The ML model we are going to use to estimate steps 1 and 2 is the Random Forest. The simulation will estimate the simple OLS using only d_i to explain y_i, the naive DML without sample splitting and the Cross-fitting DML. The 500 simulations may take a few minutes.

set.seed(123)
M=500 # = Number of Simumations = #

# = Matrix to store results = #
thetahat=matrix(NA,M,3)
colnames(thetahat)=c("OLS","Naive DML","Cross-fiting DML")

for(i in 1:M){
  z=rmvnorm(N,sigma=sigma) # = Generate z = #
  g=as.vector(cos(z%*%b)^2) # = Generate the function g = #
  m=as.vector(sin(z%*%b)+cos(z%*%b)) # = Generate the function m = #
  d=m+rnorm(N) # = Generate d = #
  y=theta*d+g+rnorm(N) # = Generate y = #

  # = OLS estimate = #
  OLS=coef(lm(y~d))[2]
  thetahat[i,1]=OLS

  # = Naive DML = #
  # = Compute ghat = #
  model=randomForest(z,y,maxnodes = 20)
  G=predict(model,z)
  # = Compute mhat = #
  modeld=randomForest(z,d,maxnodes = 20)
  M=predict(modeld,z)
  # = compute vhat as the residuals of the second model = #
  V=d-M
  # = Compute DML theta = #
  theta_nv=mean(V*(y-G))/mean(V*d)
  thetahat[i,2]=theta_nv

  # = Cross-fitting DML = #
  # = Split sample = #
  I=sort(sample(1:N,N/2))
  IC=setdiff(1:N,I)
  # = compute ghat on both sample = #
  model1=randomForest(z[IC,],y[IC],maxnodes = 10)
  model2=randomForest(z[I,],y[I], maxnodes = 10)
  G1=predict(model1,z[I,])
  G2=predict(model2,z[IC,])

  # = Compute mhat and vhat on both samples = #
  modeld1=randomForest(z[IC,],d[IC],maxnodes = 10)
  modeld2=randomForest(z[I,],d[I],maxnodes = 10)
  M1=predict(modeld1,z[I,])
  M2=predict(modeld2,z[IC,])
  V1=d[I]-M1
  V2=d[IC]-M2

  # = Compute Cross-Fitting DML theta
  theta1=mean(V1*(y[I]-G1))/mean(V1*d[I])
  theta2=mean(V2*(y[IC]-G2))/mean(V2*d[IC])
  theta_cf=mean(c(theta1,theta2))
  thetahat[i,3]=theta_cf

}

colMeans(thetahat) # = check the average theta for all models = #

##              OLS        Naive DML Cross-fiting DML
##        0.5465718        0.4155583        0.5065751

# = plot distributions = #
plot(density(thetahat[,1]),xlim=c(0.3,0.7),ylim=c(0,14))
lines(density(thetahat[,2]),col=2)
lines(density(thetahat[,3]),col=4)
abline(v=0.5,lty=2,col=3)
legend("topleft",legend=c("OLS","Naive DML","Cross-fiting DML"),col=c(1,2,4),lty=1,cex=0.7,seg.len = 0.7,bty="n")

plot of chunk unnamed-chunk-8

As you can see, the only unbiased distribution is the Cross-Fitting DML. However, the model used to estimate the functions m_0 and g_0 must be able to capture the relevant information for the data.

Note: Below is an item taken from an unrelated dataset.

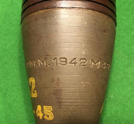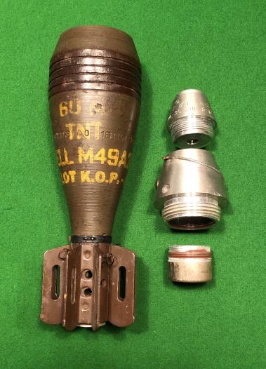 An excellent example of a 1942 dated US 60mm M49A2 mortar round for use with standard US infantry 60mm M2 Mortar. This particular example retains 98% of it's original paint finish with stencilled filling information. 1942 dated, aluminium bodied fuze retaining safety wire. Also retains inert propellant cartridge. Excellent, clean example.

In the linear case you may use the LASSO and achieve a result similar to the double selection. Finally, what we did here was a 2-fold Cross-Fitting, but you can also do a k-fold Cross-Fitting just like you do a k-fold cross-validation. The size of k does not matter asymptotically, but in small samples the results may change.

References

Chernozhukov, V., Chetverikov, D., Demirer, M., Duflo, E., & Hansen, C. (2016). Double machine learning for treatment and causal parameters. arXiv preprint arXiv:1608.00060.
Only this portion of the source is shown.